Polizeiprovokationen überschatteten Proteste
gegen Gebirgsjägertreffen im bayerischen Mittenwald
Die Proteste gegen das alljährliche Pfingsttreffen
der Gebirgsjäger aus Bundeswehr und Naziwehrmacht im bayerischen
Mittenwald haben erste Erfolge gezeitigt: Gegen dreißig Wehrmachtsveteranen
laufen nach jahrzehntelanger Untätigkeit der bundesdeutschen
Justiz nun Ermittlungsverfahren wegen der Beteiligung an schwersten
Kriegsverbrechen; bei zwei der "alten Kameraden" steht
die Anklageerhebung unmittelbar bevor.
Diese erfreuliche Nachricht konnte Ulrich Sander,
Bundessprecher der Vereinigung der Verfolgten des Naziregimes –
Bund der Antifaschisten (VVN-BdA), den Teilnehmern der Demonstration
gegen das Gebirgsjägertreffen am Pfingstsamstag übermitteln.

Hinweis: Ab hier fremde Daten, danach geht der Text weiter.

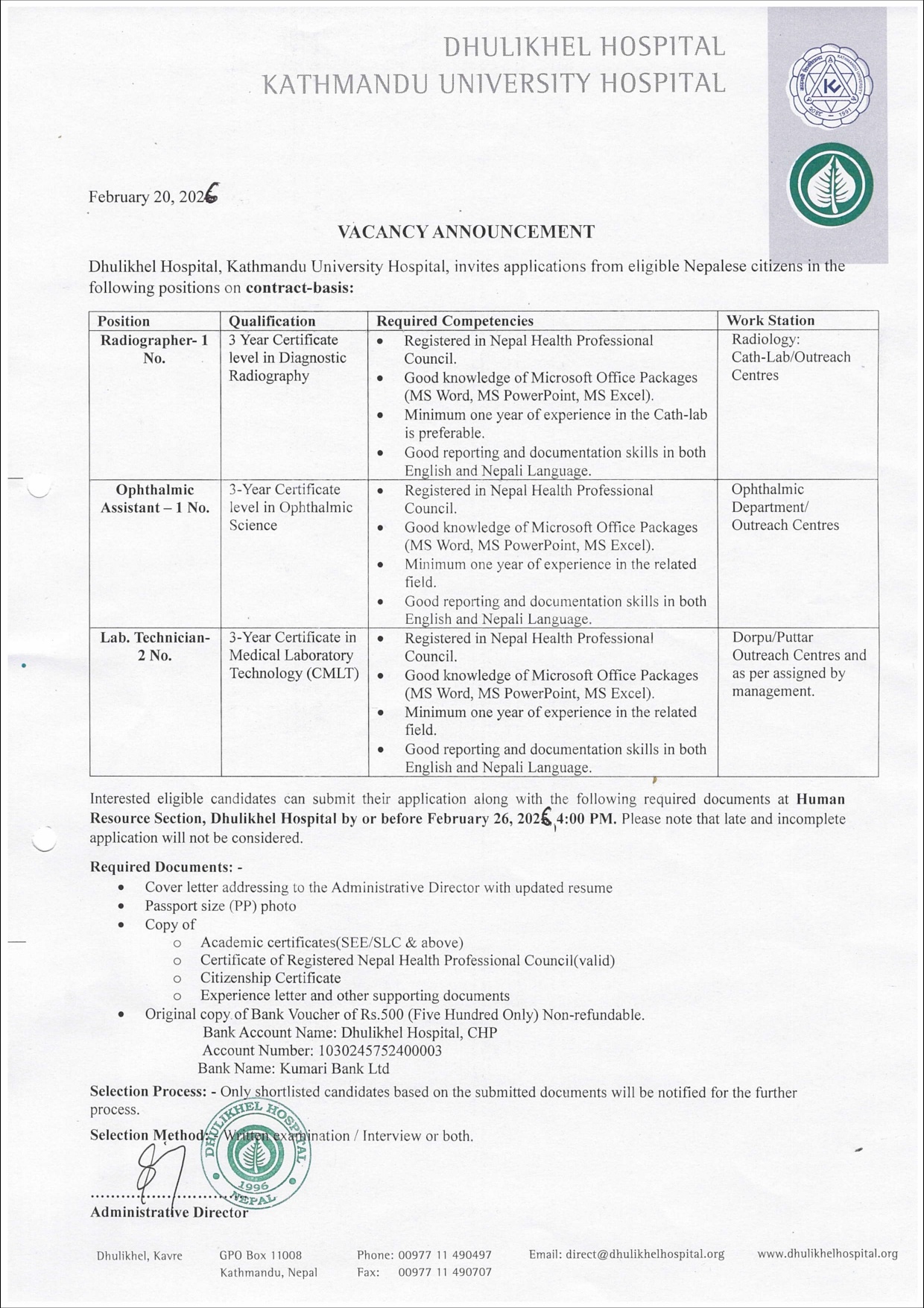 Vacancy Announcement For The Post Of Radiographer, Ophthalmic Assistant And Lab Technician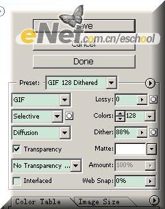 十二、设置【选择帧延迟时间为0.5秒】(这个速度可以自行调节,可快可慢),点击【动画面板-插放动画】按钮,执行【文件-存储Web所用格式】,设置效果如[图16]所示;最终得到最终效果图;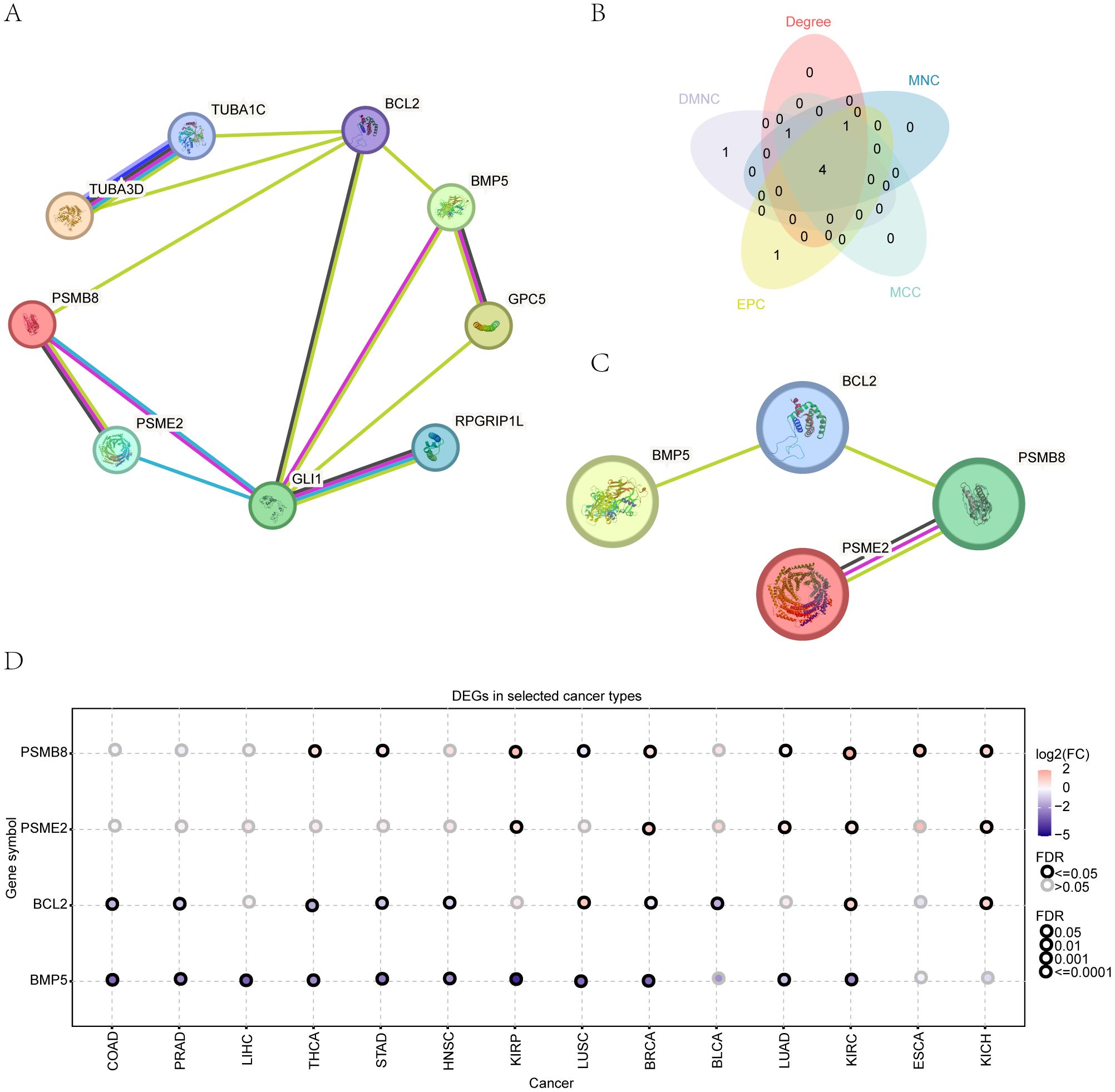 The interaction relationships among the genes were visually represented using Cytoscape software (Figure 1A). We employed the cytoHubba plug-in to analyze five algorithms (MCC, DMNC, EPC, Degree, and Closeness), identifying the top four HRDEGs—PSMB8, BCL2, BMP5, and PSME2—as essential genes (Figures 1B, C). Using the GSCA online tool, we examined the expression patterns of these genes across 14 cancer types, which required a minimum of three tumor samples alongside their normal counterparts (Figure 1D and Table 1). The results indicated a consistent decrease in BCL2 and BMP5 expression in most tumor samples, while PSMB8 and PSME2 showed increased expression.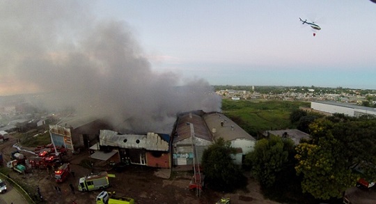 Locales | Hace más de tres horas intentan controlar el voraz incendio en 25 de Mayo al 2550 en un depósito de Megamundo. El helicóptero lleva agua desde el Río Negro.
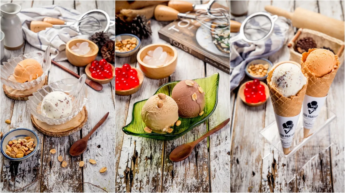 擁有超過 40 年歷史的 Aor Prathin Ice Cream (อ ประทิน ไอศครีม),是曼谷老字號的自製傳統冰淇淋店。以濃郁懷舊風味與實在用料 擄獲無數在地人的心。店內提供超過 20 種口味,包括 泰式奶茶、綠茶、巧克力、餅乾奶油、薄荷巧克力片、藍莓優格、柚子橙 等,選擇超級豐富。
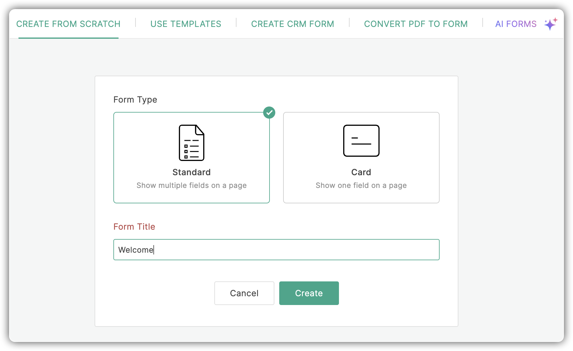 Zoho Formsでは、新しいフォームをはじめから作成することも、テンプレートからフォームを作成することもできます。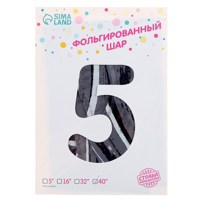 Шар фольгированный 40" «Цифра 5», чёрный мрамор
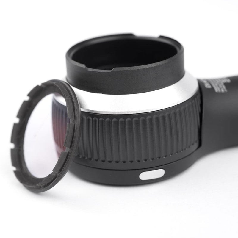 This snap-on front panel can be used with every DermLite DL4 that has been bought after May 2018. The non-magnetic front panel is simply snapped on the spacer of the DermLite. The material of the front panel is made of sturdy polymer and can come into contact with common water- and alcohol-based immersion liquids.
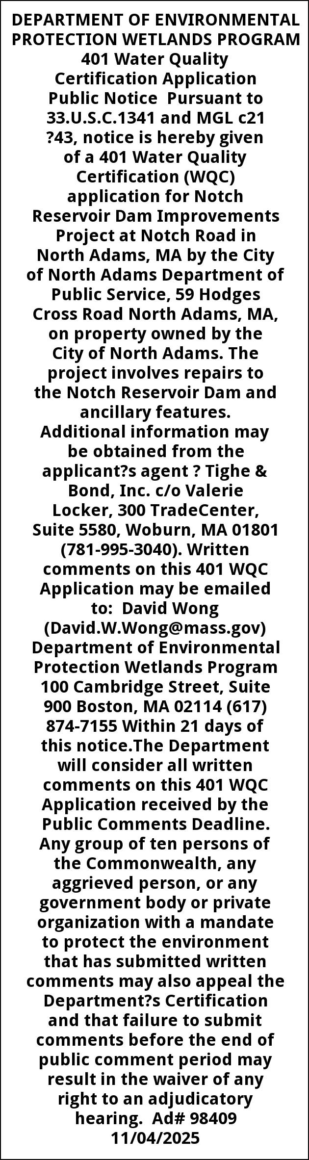 DEPARTMENT OF ENVIRONMENTAL PROTECTION WETLANDS PROGRAM 401 Water Quality Certification Application Public Notice Pursuant to 33.U.S.C.1341 and MGL c21 ?43, notice is hereby given of a 401 Water Quality Certification (WQC) application for Notch Reservoir Dam Improvements Project at Notch Road in North Adams, MA by the City of North Adams Department of Public Service, 59 Hodges Cross Road North Adams, MA, on property owned by the City of North Adams. The project involves repairs to the Notch Reservoir Dam and ancillary features. Additional information may be obtained from the applicant?s agent ? Tighe & Bond, Inc. c/o Valerie Locker, 300 TradeCenter, Suite 5580, Woburn, MA 01801 (781-995-3040). Written comments on this 401 WQC Application may be emailed to: David Wong (David.W.Wong@mass.gov) Department of Environmental Protection Wetlands Program 100 Cambridge Street, Suite 900 Boston, MA 02114 (617) 874-7155 Within 21 days of this notice.The Department will consider all written comments on this 401 WQC Application received by the Public Comments Deadline. Any group of ten persons of the Commonwealth, any aggrieved person, or any government body or private organization with a mandate to protect the environment that has submitted written comments may also appeal the Department?s Certification and that failure to submit comments before the end of public comment period may result in the waiver of any right to an adjudicatory hearing. Ad# 98409 11/04/2025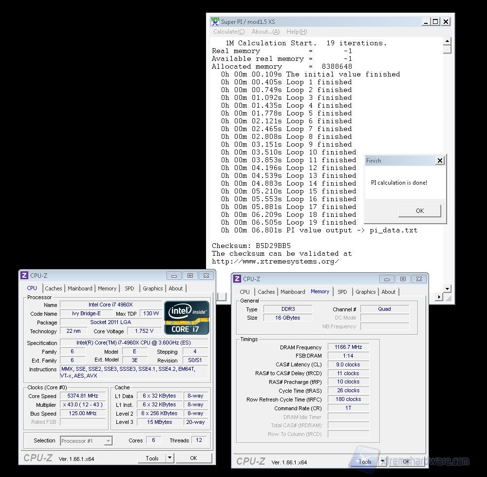 Avvalendoci di un sistema di raffreddamento estremo, con azoto liquido, siamo riusciti ovviamente a salire maggiormente in frequenza, riuscendo a chiudere i benchmark SuperPI 1M a 5375 MHz e wPrime 32M a 5250MHz. Benché le prestazioni possano risultare comunque elevate, ci saremmo aspettati di più dalla CPU con processo litografico da 22nm. La richiesta di tensione è davvero molto alta e, nonostante il freddo gelido apportato sulla CPU, il dissipatore delle fasi di alimentazione della scheda madre non presentava ghiaccio, mantenendo il circuito a temperatura tiepida.

Doch die hierdurch ausgelöste gute Stimmung hielt nicht lange
vor. Nachdem die Demonstranten bereits im Vorfeld schikanöse
Polizeikontrollen hatten über sich ergehen lassen müssen,
sahen sie sich bald mit weiteren Einschüchterungsversuchen
der Ordnungskräfte konfrontiert. Drei Personen wurden unter
dem Vorwurf der "Verunglimpfung des Staates und seiner Symbole"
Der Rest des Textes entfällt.